L'ego encapsulé (3)

 

 

"Korzybski, le père de la sémantique générale, a qualifié l’humanité de lieuse de temps, parce qu’elle a le sens de l’avenir. Apparemment, les animaux ne le possèdent pas, car ils ne prévoient pas. Les sciences sont, en effet, une forme de prédiction. Mais notre pouvoir de prédiction constitue à la fois un avantage et un désavantage. D’une part, à partir du moment où il peut prévoir, l’homme possède un pouvoir sur l’avenir. D’autre part, il est troublé parce qu’il sait qu’il mourra et qu’il n’a pas d’avenir véritable. C’est un atout déprimant. Alors il se donne dix ans ou un peu plus. Il se décharge des responsabilités plus lointaines sur ses enfants."

Allan Watts

 

Il est évident que la conscience de notre mort en temps qu'individu est à la source de notre course en avant, de ce "toujours plus" qui caractérise les sociétés occidentales et même désormais les sociétés orientales. Il nous faut acquérir le pouvoir de jouir de cette vie avant qu'elle ne s'arrête. Et c'est une véritable angoisse qui ne trouve son apaisement que dans cette euphorie, cet activisme, cette frénésie à faire. Je ne vais pas tenter de faire ici un résumé des milliers de livres qui ont été écrits sur le sujet. 

Tout cela n'aurait pas été problématique si ça n'avait pas engendré toutes les exagérations dont nous vivons désormais les effets. Car, à se penser individuel, à se voir comme une identité séparée du tout, nous n'avons plus conscience de la portée universelle et intemporelle de nos actes. 

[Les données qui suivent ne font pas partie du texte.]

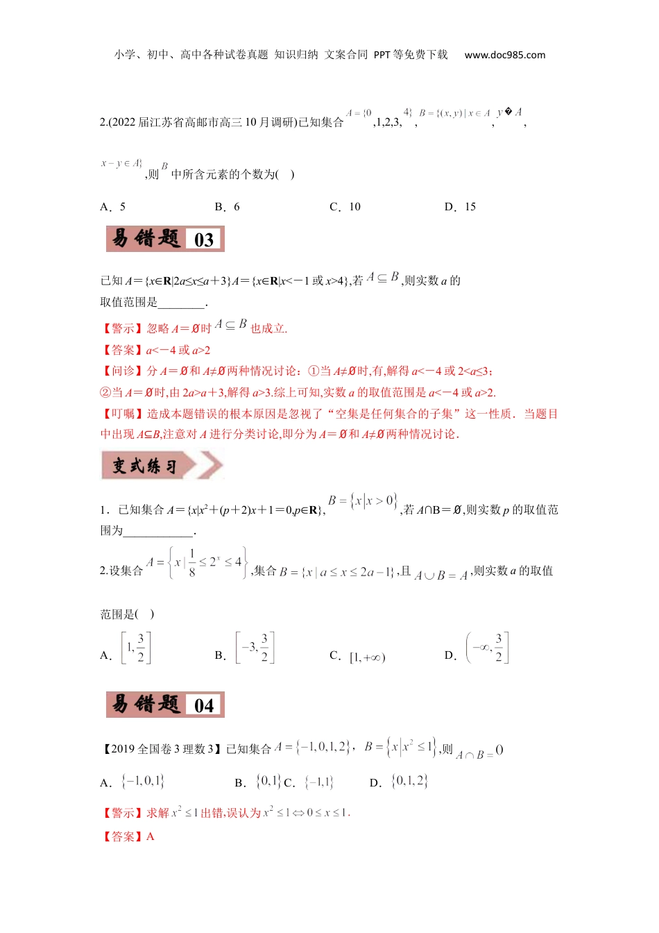 小学、初中、高中各种试卷真题知识归纳文案合同PPT等免费下载www.doc985.com易错点01集合的概念及运算易错题【01】对集合中元素的类型理解不到位集合问题是高考必考问题,一般作为容易题出现,求解集合问题的关键是理解集合中元素的类型,特别是用描述法表示集合,首先要搞清楚集合中代表元素的含义,再看元素的限制条件,明白集合的类型,是连续数集、离散数集、点集或其他类型的集合.易错题【02】忽略集合中元素互异性利用元素与集合的关系或两集合之间的关系求参数的值,集合中元素的互异性常常容易忽略,求解问题时要特别注意,求出以后一定要代入检验,看看是否满足元素的互异性.易错题【03】忽略空集空集是任何集合的子集,在涉及集合关系,如根据求参数的值或范围要注意是否可以为,根据求参数的值或范围必须优先考虑空集的情况,否则会造成漏解.易错题【04】忽视集合转化的等价性把用描述法表示的集合转化为用列举法表述的集合或化简集合容易忽略等价性,如去分母忽略分母不为零,解含有对数式的不等式要保证对数式有意义,要注意集合中的限制条件等.01(2021年全国统一高考数学试卷乙卷理科)已知集合,,,,则A.B.C.D.【警示】本题出错的主要原因是不理解集合中元素的类型.【答案】C【问诊】误选A是因为误认为集合中的元素是代数式,误选D是因为只知道是数集,忽略限制条件,正确求解方法是分别讨论当是偶数、奇数时的集合元素情况,结合集合的基本运算进行判断即可,当是偶数时,设,则,当是奇数时,设,小学、初中、高中各种试卷真题知识归纳文案合同PPT等免费下载www.doc985.com则,,则,则.【叮嘱】求解集合运算问题一定要注意判断集合中元素的类型,如都是数集,分别表示方程的解集,函数的定义域,函数的值域,表示点集.1.已知集合,则()A.B.C.D.2.【2017全国卷3理数】已知集合A=,B=,则AB中元素的个数为A.3B.2C.1D.002已知集合A={1,x,2},B={1,x2},若A∪B=A,则x的不同取值个数为()A.1B.2C.3D.4【警示】由x2=2,解得x1=,x2=-.由x2=x,解得x3=0,x4=1.忽略检验,误选D.【答案】C【问诊】因为A∪B=A,所以B⊆A.所以x2=2或x2=x.由x2=2,解得x=±,由x2=x,解得x=0或x=1.注意当x=1时,x2=1,集合A、B中元素不满足互异性,所以符合题意的x为或-或0,故选C.【叮嘱】由集合的关系求集合中的元素,求出以后要代入检验,看看是否满足元素的互异性.1.(2022届贵州省安顺市高三第一次测试)已知集合,,若,则()A.1B.0或1或3C.0或3D.1或3小学、初中、高中各种试卷真题知识归纳文案合同PPT等免费下载www.doc985.com2.(2022届江苏省高邮市高三10月调研)已知集合,1,2,3,,,,,则中所含元素的个数为()A.5B.6C.10D.1503已知A={x∈R|2a≤x≤a+3}A={x∈R|x<-1或x>4},若,则实数a的取值范围是________.【警示】忽略A=∅时也成立.【答案】a<-4或a>2【问诊】分A=∅和A≠∅两种情况讨论:①当A≠∅时,有,解得a<-4或2<a≤3;②当A=∅时,由2a>a+3,解得a>3.综上可知,实数a的取值范围是a<-4或a>2.【叮嘱】造成本题错误的根本原因是忽视了“空集是任何集合的子集”这一性质.当题目中出现A⊆B,注意对A进行分类讨论,即分为A=∅和A≠∅两种情况讨论.1.已知集合A={x|x2+(p+2)x+1=0,p∈R},,若A∩B=∅,则实数p的取值范围为____________.2.设集合,集合,且,则实数a的取值范围是()A.B.C.D.04【2019全国卷3理数3】已知集合,则()A.B.C.D.【警示】求解出错,误认为.【答案】A小学、初中、高中各种试卷真题知识归纳文案合同PPT等免费下载www.doc985.com【问诊】由题意得,,则.故选A.【叮嘱】求解与不等式解集有关的集合运算问题是高考热点,解不等式必须是等价转化.1.已知集合,则()A.或B.或C.D.2.设全集,,,则()A.B.C.D.错1.(2022届山西省吕梁市高三上学期11月测试)已知集合,集合,则()A.AB.BC.ND.2.(2022届江西省赣州市2022届高三上学期期中)已知、,若,则的值为()A.B.0C.D.或小学、初中、高中各种试卷真题知识归纳文案合同PPT等免费下载www.doc985.com3.(2021届重庆市西南大学附属中学高三下学期月考)设集合,,则()A.B.C.D.4.(2022届湖北省新高考9N联盟部分重点中学高三...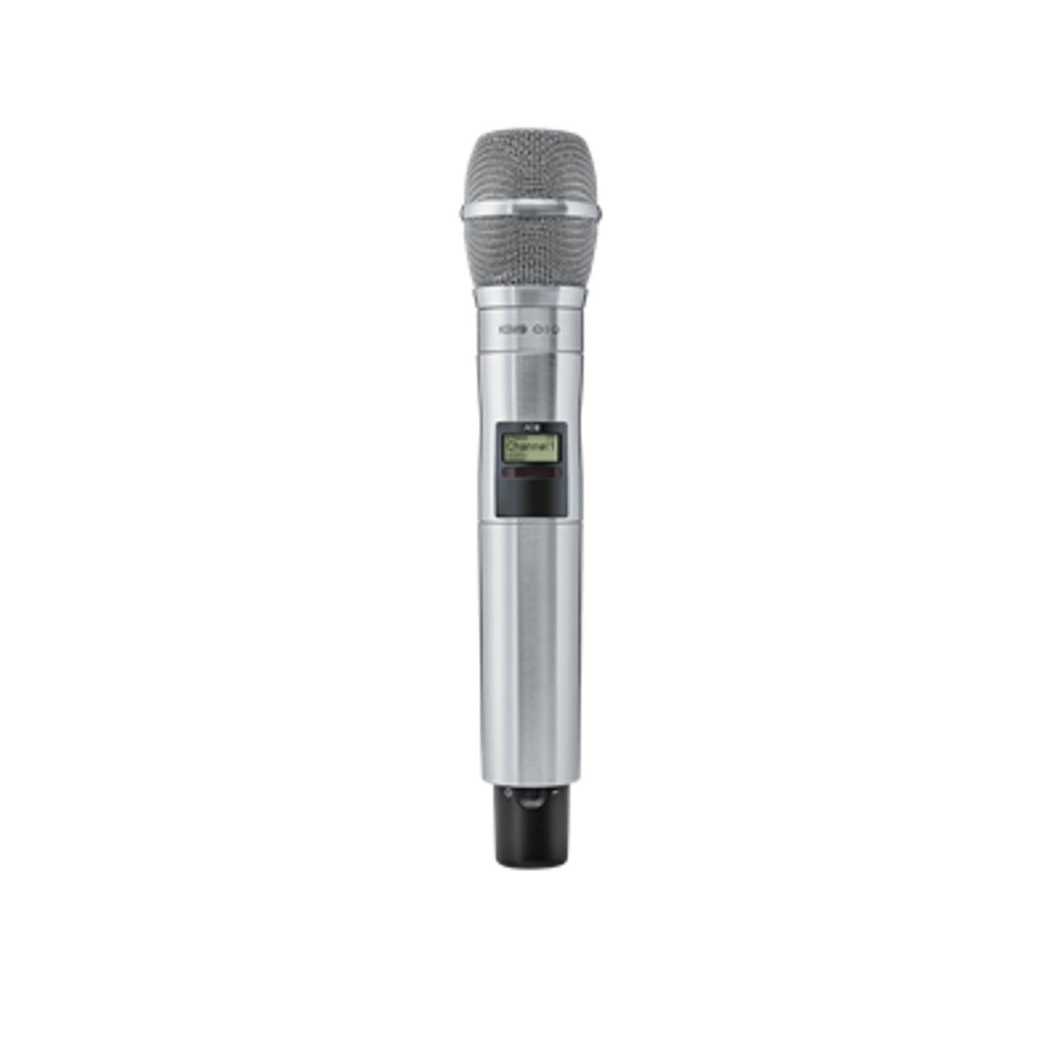 Shure AD2 with K9N head (nickel), delivers impeccable audio quality and RF performance with wide-tuning, High Density mode, and encryption. Features durable metal construction, rechargeable power with dockable charging, and black or nickel finish options.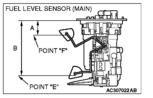 1. Move the float and measure height A at point "F" (highest) and B at point "E" (lowest).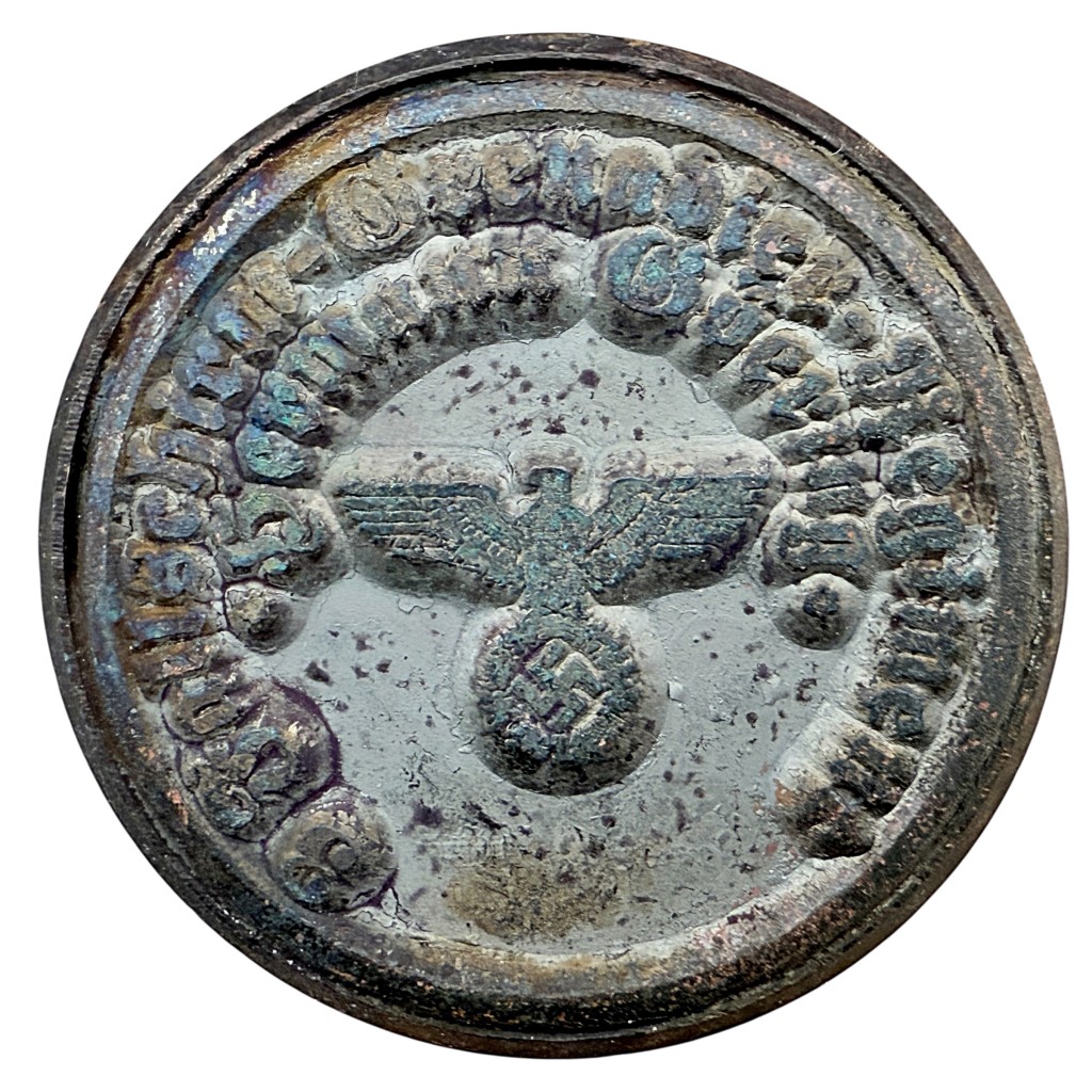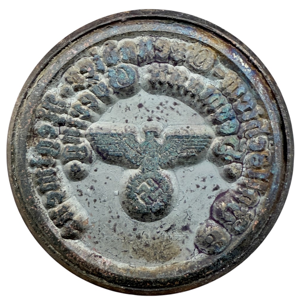 Het object verkeert in originele, gebruikte staat met duidelijke ouderdoms- en gebruikssporen. Ter verduidelijking is de foto van de onderzijde in spiegelbeeld weergegeven, zodat goed zichtbaar is welke tekst en afbeelding de stempelafdruk weergeeft. Een interessant verzamelobject voor de militaria of Tweede Wereldoorlog collectie!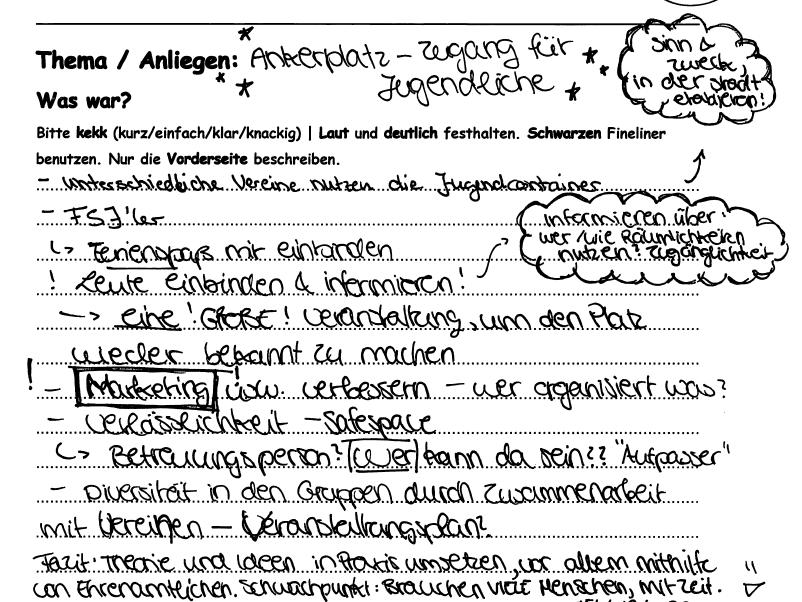 Durch die große Fläche und ländliche Strukturen sowie den schwachen ÖPNV sind die wenigen Orte für Jugendliche schlecht zu erreichen und zum Teil durch schlechte Informationsverteilung nicht hinreichend bekannt. Hier die Ideen der Gruppe: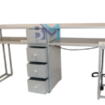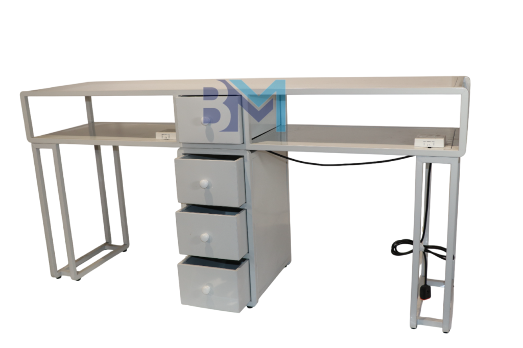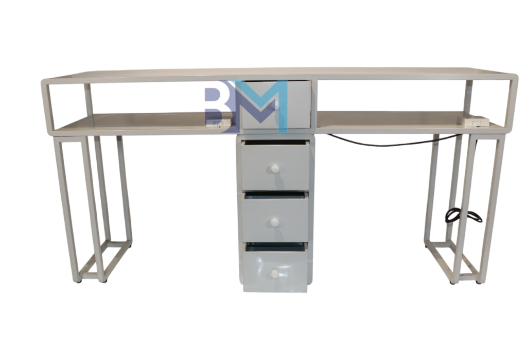 Mesa de manicura doble de metal blanca con superficie de piedra tipo mármol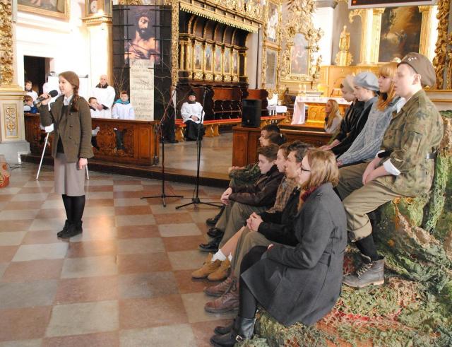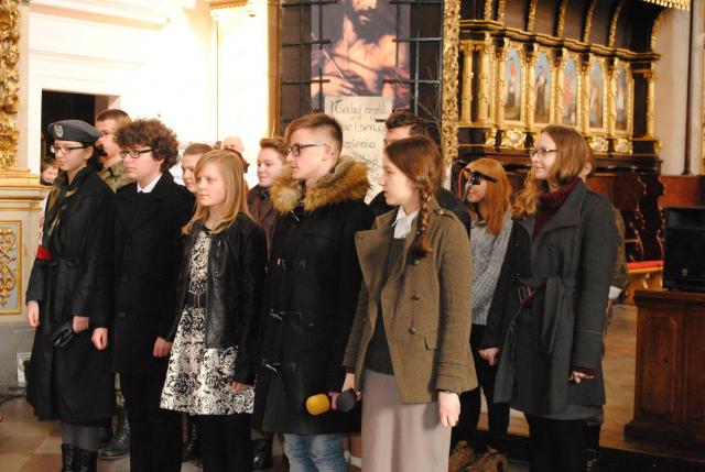 Następnie o godz.12.00 w Bazylice Pułtuskiej została odprawiona msza św. w intencji pomordowanych, zmarłych i żyjących "Żołnierzy Wyklętych", poprzedzona programem "Zwycięzcy nie umierają" w wykonaniu uczniów Publicznego Gimnazjum nr 3 im. bp. A. Noskowskiego w Pułtusku.
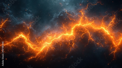 Dark void background with fractured orange lightning-like streaks, energetic and powerful abstract concept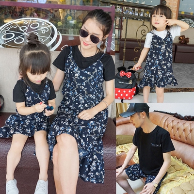 Mùa hè thân thiện với gia đình Áo thun gia đình ba nhà gia đình đi biển bên bờ biển váy đầm mẹ và con áo gia đình đẹp Trang phục dành cho cha mẹ và con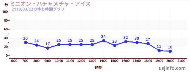 • ミニオン・ハチャメチャ・アイス$B$N(B2019年03月12日の待ち時間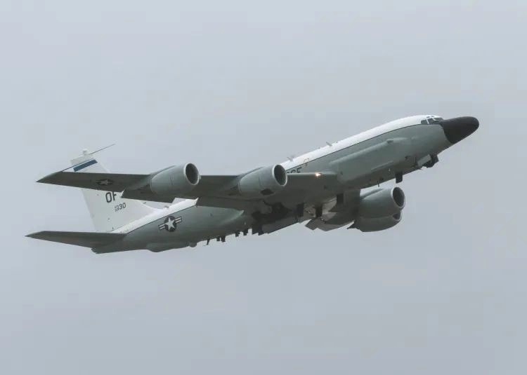 美国《新闻周刊》的一张地图追踪了一架美国空军RC-135W侦察机周四(20日)飞赴中国海南岛附近海域的轨迹,中国在海南岛部署了两艘航空母舰。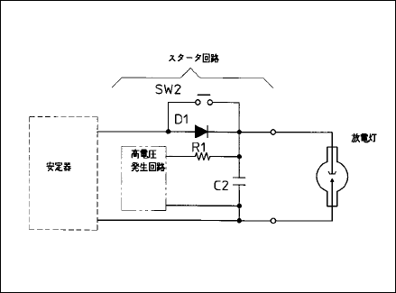 ランプの点灯回路は、安定器とスタータからなる。スタータは、ランプの電極間に高電圧を印加して、それらの間で電気的絶縁破壊を起こす役目がある。スタータには、高周波の高電圧を発生させるACスタータと直流の高電圧を発生させるDCスタータとがある。ACスタータの尖頭電圧はDCスタータのそれに比べ高い。ACスタータとDCスタータは、用途に応じて使い分けられている。PC-3500BYのランプを搭載した露光装置UX-5038SCでは、DCスタータが用いられている。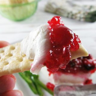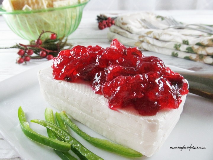 This recipe makes 4 jelly jars (½ pints) of spicy cranberry pepper jelly. It should get you through the holidays in style since each jar is enough to make two Jalapeño jelly cream cheese appetizer plates.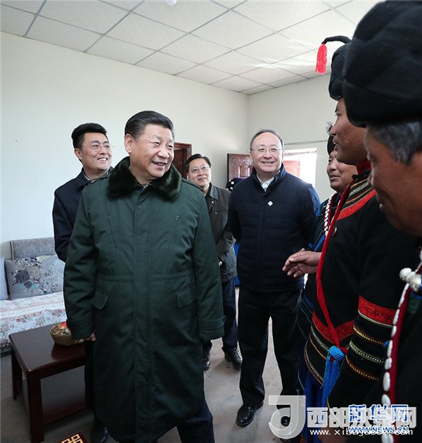 這是習(xí)近平在涼山彝族自治州昭覺縣解放鄉(xiāng)火普村貧困戶吉地爾子家的新居了解生產(chǎn)生活情況。記者 鞠鵬 攝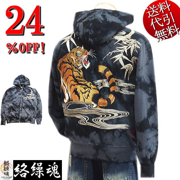 ▼絡繰魂24%OFFSALE!虎刺繍タイダイ染パーカー!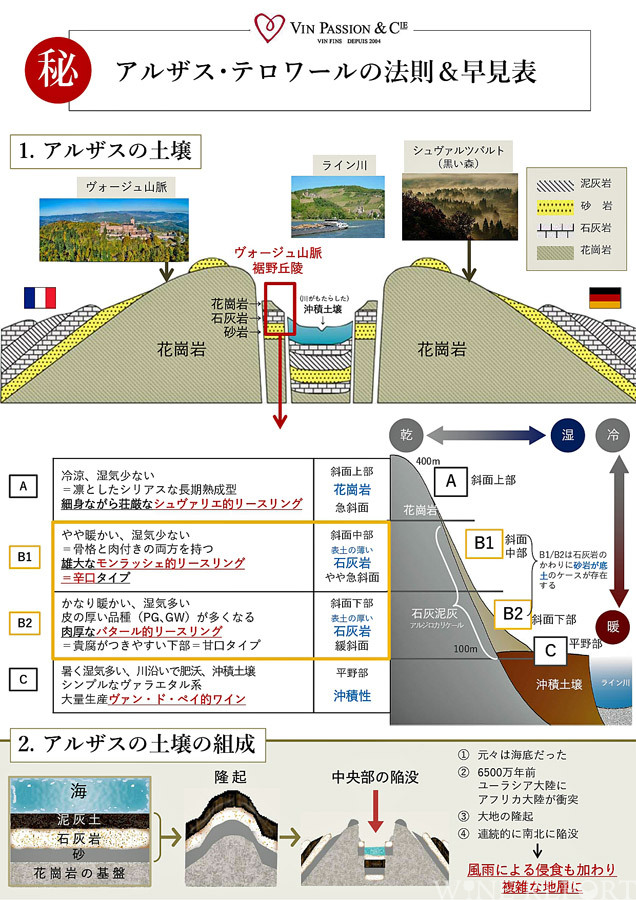 アルザスを飲もうとする時の障害が、多彩な品種、わかりにくい格付け、多彩な土壌の複雑さなどだ。テロワールを理解する簡単な方法を、ボットゲイルを輸入するヴァンパッシオンの川上大介社長が紹介してくれた。手がかりは標高と土壌である。この法則を基にリースリングをとらえてみる。アルザスはひとまずリースリングから入ろう。

Encore une fois, j'entends les critiques fuser, comme je les lis bien souvent sur les forums ou blogs qui abordent les thèmes de "survivalisme", de "décroissance", de "changement de paradigme". Les adversaires de ces idées qui ricanent en imaginant la vie de ces "suvivalistes" dans leurs grottes, à la lumière de la bougie, à faire cuire quelques racines dans une vieille marmite, sur un feu de bois et à collectionner les reliques d'un monde moderne écroulé.

C'est juste pitoyable et j'en ai encore été le spectateur aujourd'hui sur un forum économique. Je n'ai même pas essayé de participer aux échanges. J'en suis fatigué. 

C'est si facile de réduire celui qui pense autrement à un déglingué du bulbe.

Mais bon, comme le dit le dicton populaire, "c'est à la fin de la foire qu'on compte les bouses."

Nous ne sommes pas des identités séparées de tout. Cette idée, c'est celle que Allan Watts a appelé "l'ego encapsulé".

Et c'est à la source de toutes les dérives de l'humanité. 

 

L'ego encapsulé.

L'ego encapsulé (2)

 

Dans le concept de "croissance verte", de "développement durable", ou dans "l'écomodernisme", il n'est aucunement question de remettre en question ce fonctionnement de l'ego encapsulé. Il s'agit avant tout de le péréniser au mieux. Et c'est bien pour cela que ça n'a pas de sens. Nous continuons à marcher dans la même direction, avec les mêmes objectifs, avec la même "philosophie".

Il n'y aucun changement dans tout ça. Il ne faut donc y espérer aucune solution durable. C'est juste une façon de prendre le problème et de le rejeter un peu plus loin.

Beaucoup répondront que ça n'est pas bien grave. Ils seront morts avant que le véhicule ne bascule dans le fossé. Une preuve supplémentaire de la puissance mortifère de l'ego encapsulé.